── Listed entries
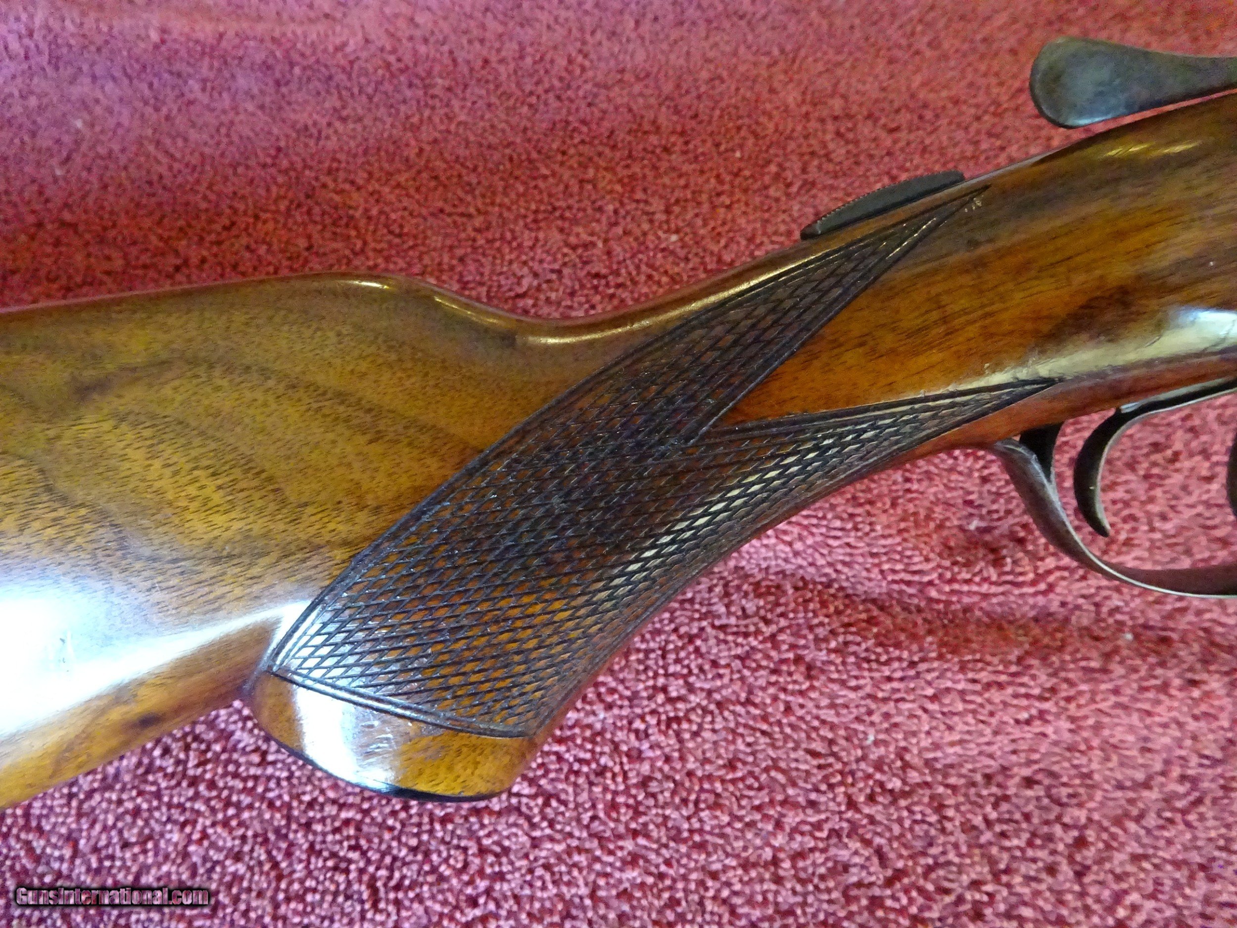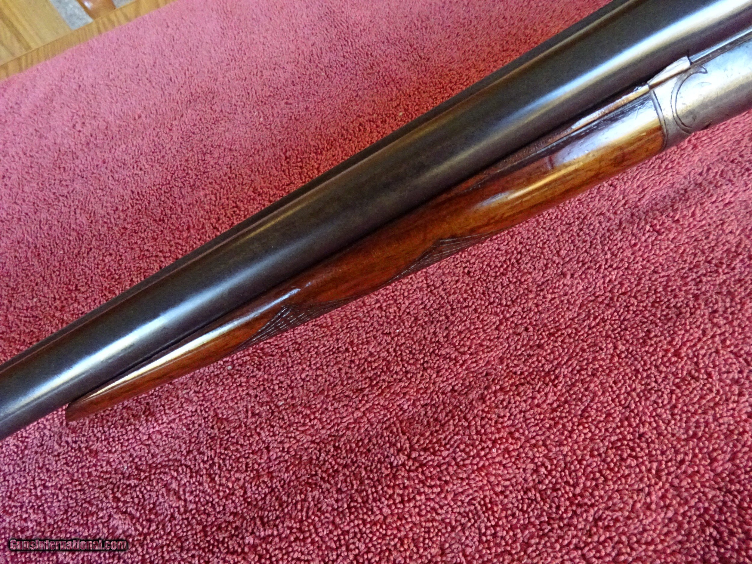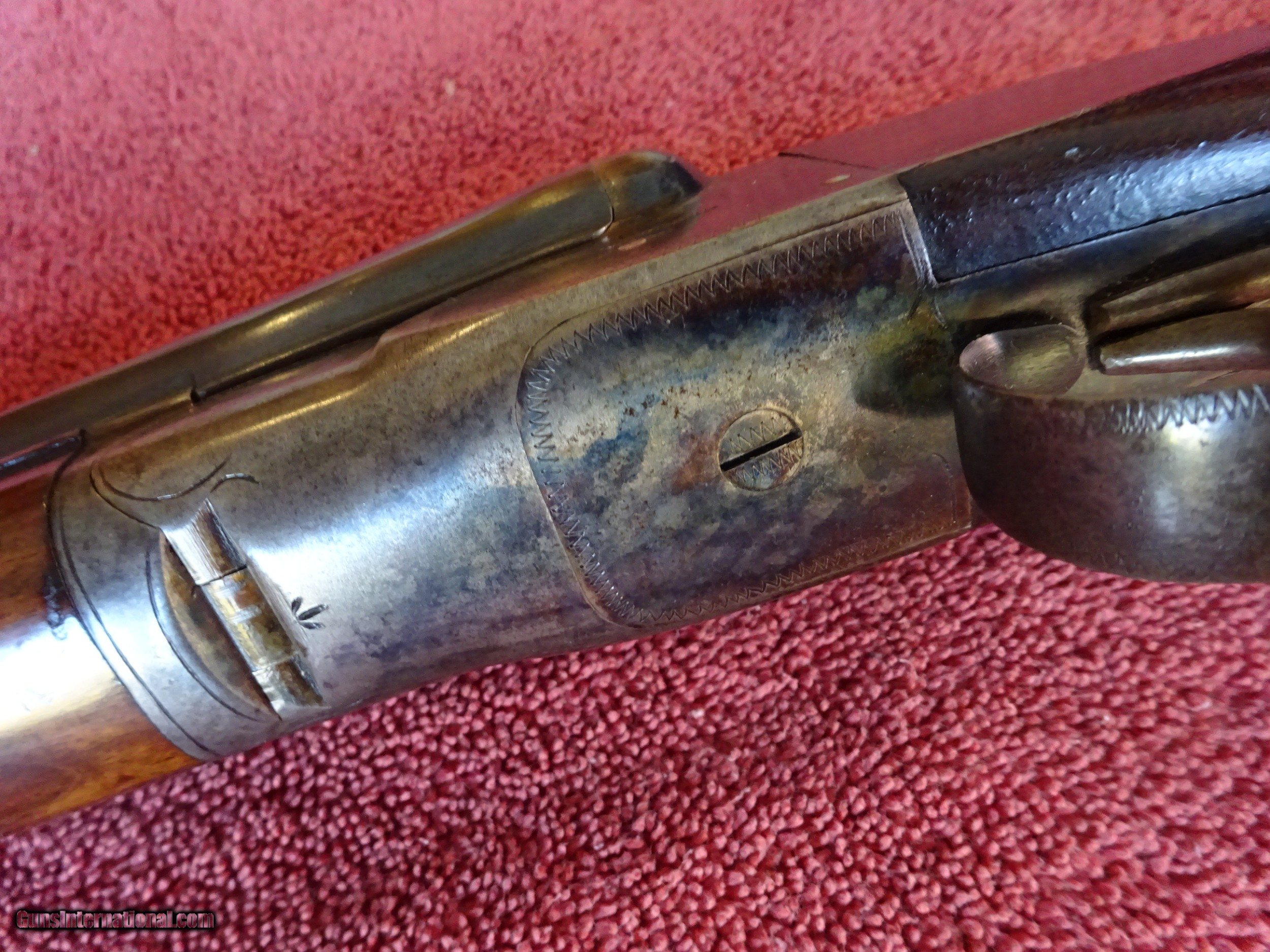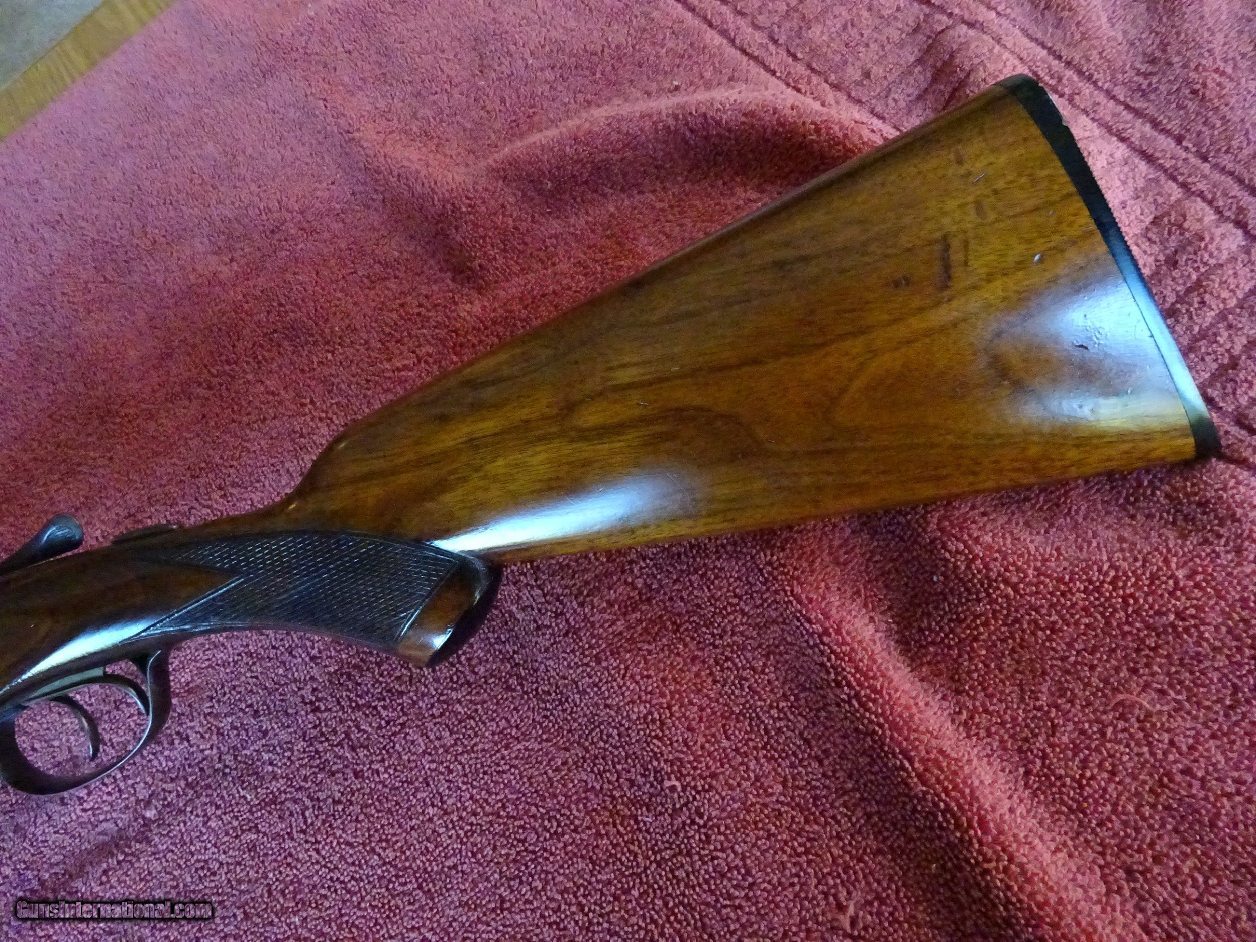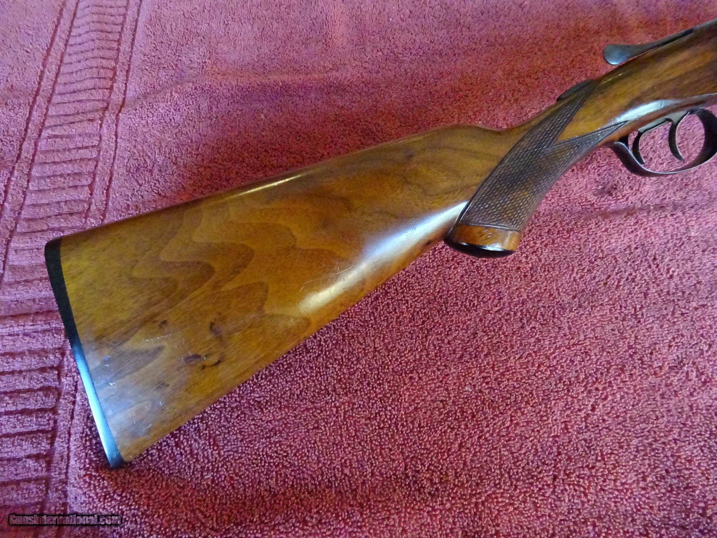 Description: A H FOX, PHIL. STERLINGWORTH 20 GAUGE. 28" BARRELS, 99% BLUE, MIRROR BRIGHT BORES, MODIFIED AND FULL, SINGLE SIGHT, 2 1/2" CHAMBERS, NO. 4 WEIGHT BARRELS. BOLD VIVID CASE COLOR, NEAR 100% COVERAGE, TOP LEVER TO THE FAR RIGHT, TIGHT AS NEW, PERFECT UNTURNED SCREWS. PISTOL GRIP STOCK, SPLINTER FOREARM, EXCELLENT WOOD FINISH AND CHECKERING. ORIGINAL GRIP CAP AND BUTTPLATE, 1 1/2" X 3" X 14 1/4", 5 POUNDS 14 OUNCES. MADE IN 1929. $2500.00 + Insured shipping to an FFL address. See all Pats gun listings on this site! We also have hundreds of pieces of ORIGINAL gun company advertising & memorabilia available for sale on our site SPORTINGCOLLECTIBLES. We have no reprints or reproductions. Email for more information. SOLD Curio/Relic: Yes |
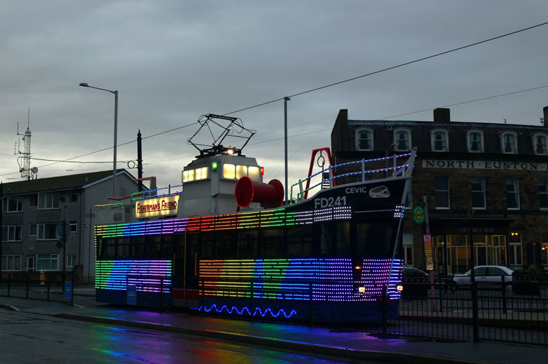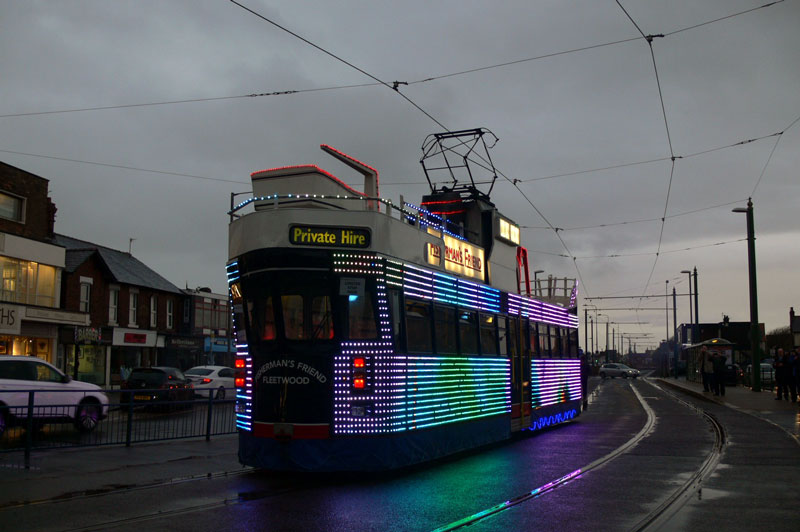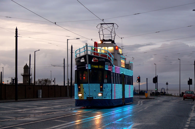 | As part of our sponsorship deal supporting the loan of Birkenhead 20 to Blackpool, British Trams Online ran a special tour on Wednesday 7th November 2018. As 20 was only allowed to operate between Pleasure Beach and Bispham, we ran a couple of journeys with this visiting tram - its last outing before returning home to Birkenhead - before swapping to the illuminated Trawler 737 for a rare full system tour. Despite being organised at short notice for a weekday outside the main season, the tour was a huge success and raised over £400 for the Fylde Tramway Society's 'Princess Alice' 706 restoration appeal, thanks to some very generous donations in addition to monies raised in fares. Our grateful thanks go to everybody who supported this tour and made a day to remember, with some unusual moves by two contrasting trams and lots of interesting photo opportunities! This special gallery provides extensive coverage of the day with most of the photo stops included. |
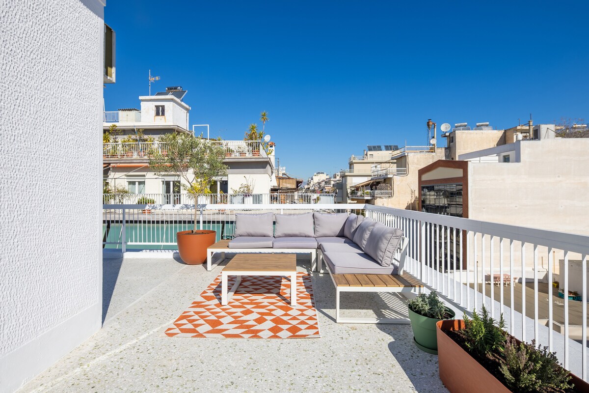 A stylish, bright and spaceous flat of the 1950's, close to Acropolis and Plaka, has been fully refurbished with respect to its initial elements and a bit of a modern twist. Located on the 2nd floor of a fully-owned two-storey building, it has a great view to Piraeus and Filopappou hill from its balcony and private roof terrace.
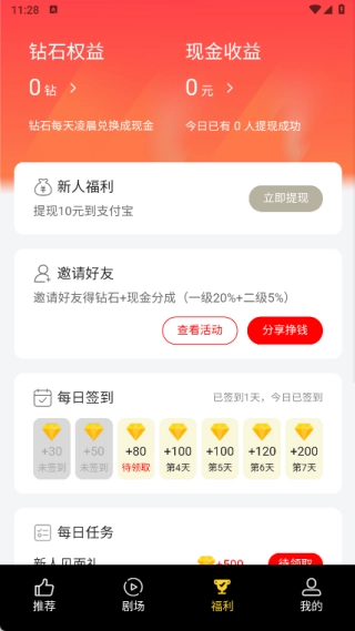 在福利页面,你可以查看钻石收益与现金收益的情况,同时还能了解新人福利、每日签到以及每日任务等相关内容。
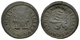 Felipe II (1556-1598). 2 maravedís. 1598. Segovia. (Cal-87). (Jarabo-Sanahuja-E22). Ae. 3,33 g. Sin indicación de ceca ni valor. Resello de 4 maravedís de Cuenca. MBC+. Est...40,00.
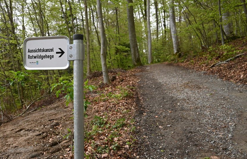 Hier lang: Eine Beschilderung weist den Weg zur neuen Aussichtsplattform.
────
Description of the task: What is needed is every entry written out word for word, with no pictures.

Answer space:
 Description: A H FOX, PHIL. STERLINGWORTH 20 GAUGE. 28" BARRELS, 99% BLUE, MIRROR BRIGHT BORES, MODIFIED AND FULL, SINGLE SIGHT, 2 1/2" CHAMBERS, NO. 4 WEIGHT BARRELS. BOLD VIVID CASE COLOR, NEAR 100% COVERAGE, TOP LEVER TO THE FAR RIGHT, TIGHT AS NEW, PERFECT UNTURNED SCREWS. PISTOL GRIP STOCK, SPLINTER FOREARM, EXCELLENT WOOD FINISH AND CHECKERING. ORIGINAL GRIP CAP AND BUTTPLATE, 1 1/2" X 3" X 14 1/4", 5 POUNDS 14 OUNCES. MADE IN 1929. $2500.00 + Insured shipping to an FFL address. See all Pats gun listings on this site! We also have hundreds of pieces of ORIGINAL gun company advertising & memorabilia available for sale on our site SPORTINGCOLLECTIBLES. We have no reprints or reproductions. Email for more information. SOLD Curio/Relic: Yes |
 | As part of our sponsorship deal supporting the loan of Birkenhead 20 to Blackpool, British Trams Online ran a special tour on Wednesday 7th November 2018. As 20 was only allowed to operate between Pleasure Beach and Bispham, we ran a couple of journeys with this visiting tram - its last outing before returning home to Birkenhead - before swapping to the illuminated Trawler 737 for a rare full system tour. Despite being organised at short notice for a weekday outside the main season, the tour was a huge success and raised over £400 for the Fylde Tramway Society's 'Princess Alice' 706 restoration appeal, thanks to some very generous donations in addition to monies raised in fares. Our grateful thanks go to everybody who supported this tour and made a day to remember, with some unusual moves by two contrasting trams and lots of interesting photo opportunities! This special gallery provides extensive coverage of the day with most of the photo stops included. |
 A stylish, bright and spaceous flat of the 1950's, close to Acropolis and Plaka, has been fully refurbished with respect to its initial elements and a bit of a modern twist. Located on the 2nd floor of a fully-owned two-storey building, it has a great view to Piraeus and Filopappou hill from its balcony and private roof terrace.
 在福利页面,你可以查看钻石收益与现金收益的情况,同时还能了解新人福利、每日签到以及每日任务等相关内容。
 Felipe II (1556-1598). 2 maravedís. 1598. Segovia. (Cal-87). (Jarabo-Sanahuja-E22). Ae. 3,33 g. Sin indicación de ceca ni valor. Resello de 4 maravedís de Cuenca. MBC+. Est...40,00.
 Hier lang: Eine Beschilderung weist den Weg zur neuen Aussichtsplattform.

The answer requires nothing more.